The Radice case addressed an agreement affecting name-brand Flomax, which was being sold at prices purportedly inflated by an illegal reverse-payment agreement.  The name-brand and generic drug manufacturer defendants allegedly entered into a sham patent-settlement agreement that delayed market entry of generic Flomax.  That delayed generic entry then allegedly caused federal and state government payors, including Medicare and Medicaid, to overpay for Flomax because cheaper, generic versions of the drug were not on the market.  The complaint further alleged that Medicare and Medicaid also overpaid for generic Flomax because the agreements prevented Astellas from entering the market with its own, competing authorized generic drug.  As a result, according to the complaint, the government overpaid on thousands of claims for name-brand and generic Flomax.

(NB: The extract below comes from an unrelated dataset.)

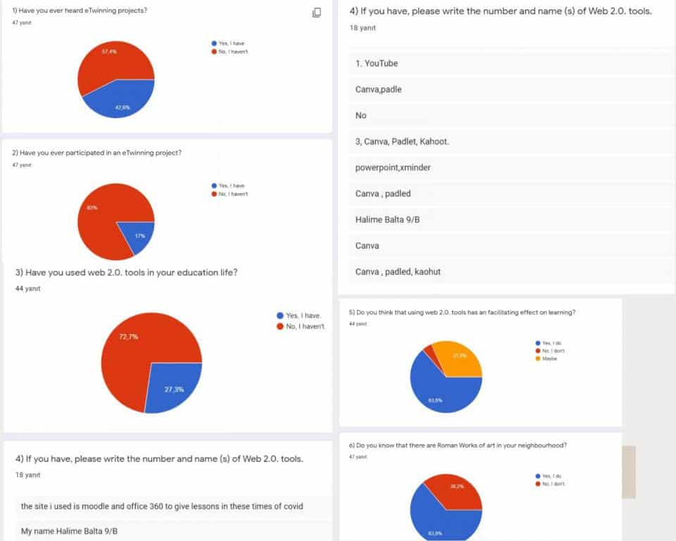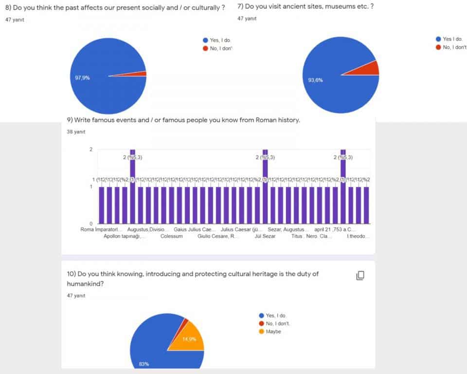 Roma İmparatorluğu ve Tarihiyle İlgili Sorulara İlişkin: Öğrencilerin% 63,8'i mahallesindeki Roma eserlerini biliyor. Öğrencilerin% 93,6'sı antik kentleri, müzeleri vb. Ziyaret ediyor. Neredeyse günümüz sosyal ve / veya kültürel olarak geçmişte kaldığını düşünüyor. Jules Caesar, Augustus, Titus, I. Theodosius, Nero çoğunlukla öğrenciler tarafından bilinir. Roma İmparatorluğu'nun Bölünmesi ve Sezar'ın Katledilmesi çoğunlukla öğrenciler tarafından bilinen konulardı. Son olarak, öğrencilerin% 83'ü kültürel mirası bilmenin, tanıtmanın ve korumanın insanlığın bir görevi olduğunu düşünüyor. Ön ankete katıldıkları için tüm öğrencilere teşekkür ederiz.

A firm with extensive experience in qui tam suits, Hagens Berman Sobel Shapiro, represented the plaintiff in Radice.  Such firms are not easily deterred by initial losses when pursuing a novel legal theory, and one can expect the lawyers in Radice to refine their approach and continue to file qui tam actions targeting reverse-payment agreements.  However, this kind of lawsuit will face many challenges. 

First, plaintiffs will need to plead their claims with the specificity that is required under Federal Rule of Civil Procedure 9(b), or face dismissal.  This requirement can be challenging for many qui tam plaintiffs.  Indeed, the Radice case itself may have been voluntarily dismissed because of the complaint’s lack of a coherent theory of liability and its failure to provide sufficient detail to comply with Rule 9(b). 

Second, in order to establish that claims paid by Medicare and Medicaid were “false” under the FCA, plaintiffs will have to prove that a reverse-payment agreement was illegal.  In FTC v. Actavis, the Supreme Court held that reverse payments are not per se illegal, and it instructed the lower courts to evaluate the anticompetitive effects of reverse-payment agreements on a case-by-case basis.  As a result, a plaintiff would need to prove “falsity” by conducting a mini-trial on the anticompetitive effect of a particular reverse-payment agreement.  A plaintiff would need to present evidence of multiple factors, including the adverse effects on competition, the market power of the name-brand manufacturer, and the existence of large, unjustified payments.  These are technical and complex factors requiring extensive expert testimony.

Third, many claims that might be asserted by qui tam plaintiffs would be subject to dismissal under the FCA’s public disclosure bar, which prohibits the filing of lawsuits that are based on publicly disclosed information.  There has been extensive prior litigation and reporting in the news media about reverse-payment agreements, which could serve as a bar to subsequent qui tam lawsuits over those agreements.

Notwithstanding these obstacles, the Radice case serves as a pointed reminder that enterprising plaintiffs’ counsel will continue pursuing qui tam suits that stretch the False Claims Act far beyond its original purpose.  Rather than using the statute to combat actual fraud in federal programs, plaintiffs’ counsel view the FCA as a “super-enforcement tool” that rewards them richly for purporting to recover funds on behalf of the government.  In cases patterned on Radice, plaintiffs are not undertaking law enforcement in the absence of government prosecutorial mechanisms.  To the contrary, the antitrust laws already provide federal officials with ample authority to pursue allegedly anticompetitive reverse-payment agreements and recover damages if those agreements harm the public.